Biblia jest głównie dziełem teologicznym, a nie historycznym. Została ona zestawiona przede wszystkim w tym celu, aby uświetnić istotę i imię Boga. Jego harmonię i wiarogodność trzeba przypisać temu, że została napisana jedynie dlatego, aby ludowi izraelskiemu i wszystkim innym śmiertelnym istotom objaśnić jednorazowość, niezrównaność, uniwersalność i znaczenie Boga. Bohaterem Biblii jest Bóg, źródło całego stworzenia i Ojciec całej ludzkości. — „New York Times Magazine”, 25 września 1960 r., str. 29.

3. (a) Co uczyni sobie Bóg w „wojnie wielkiego dnia Boga Wszechmocnego”, lecz co każe On pod tym względem już przedtem czynić? (b) Przez kogo?

3 „Wojna wielkiego dnia Boga Wszechmocnego” zbliża się coraz bardziej. W tej wojnie Jehowa ponownie uczyni sobie imię, które będzie znane przez wszystkie wieki. (Obj. 16:14, 16, NW) Jednak już przed tą uniwersalną wojną nieba i ziemi każe On głosić i uświetniać swoje imię na całej ziemi. Przez kogo? Nie przez chrześcijaństwo, lecz przez tych chrześcijan, którzy wyróżniają się swym biblijnym imieniem „świadkowie Jehowy”. Potwierdzają to ich raporty, nadchodzące dzisiaj ze 181 krajów i wysp całego świata. Oni spełniają to dzieło w sile ducha Jehowy pomimo prześladowań i religijnego oporu. Obecnie wszystkie narody wiedzą, że oni są nazwani od imienia Jehowy. Czy istnieją jednak narody, które z tego powodu okazują bojaźń?

PRZEJĘTE BOJAŹNIĄ

4. Jak chrześcijaństwo uczyniło sobie napawające strachem imię, lecz jakie to miało skutki?
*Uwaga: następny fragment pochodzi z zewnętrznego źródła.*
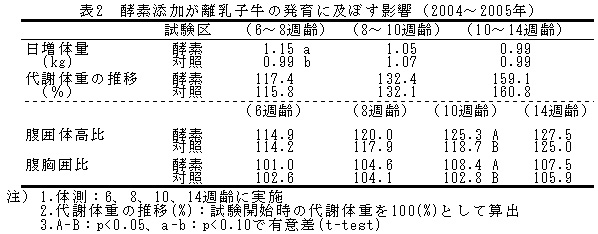 表2 酵素添加が離乳子牛の発育に及ぼす影響(2004〜2005年)

4 Chrześcijaństwo w ciągu stuleci uczyniło sobie imię, którego narody pogańskie do niedawna się bały, ale nie dlatego, że nad chrześcijaństwem wzywane było imię Jehowy, lecz ponieważ ono prześladowało i uciemiężało innowierców, gdy prowadziło krwawe wojny i urządzało wyprawy krzyżowe i ponieważ ono, poparte przez ciężko uzbrojone armie i floty, uprawiało swoją politykę kolonialną. Przez takie niechrześcijańskie postępowanie chrześcijaństwa, imię Chrystusa i imię Boga były bardzo lżone. Lecz dzisiaj sytuacja znacznie się zmieniła.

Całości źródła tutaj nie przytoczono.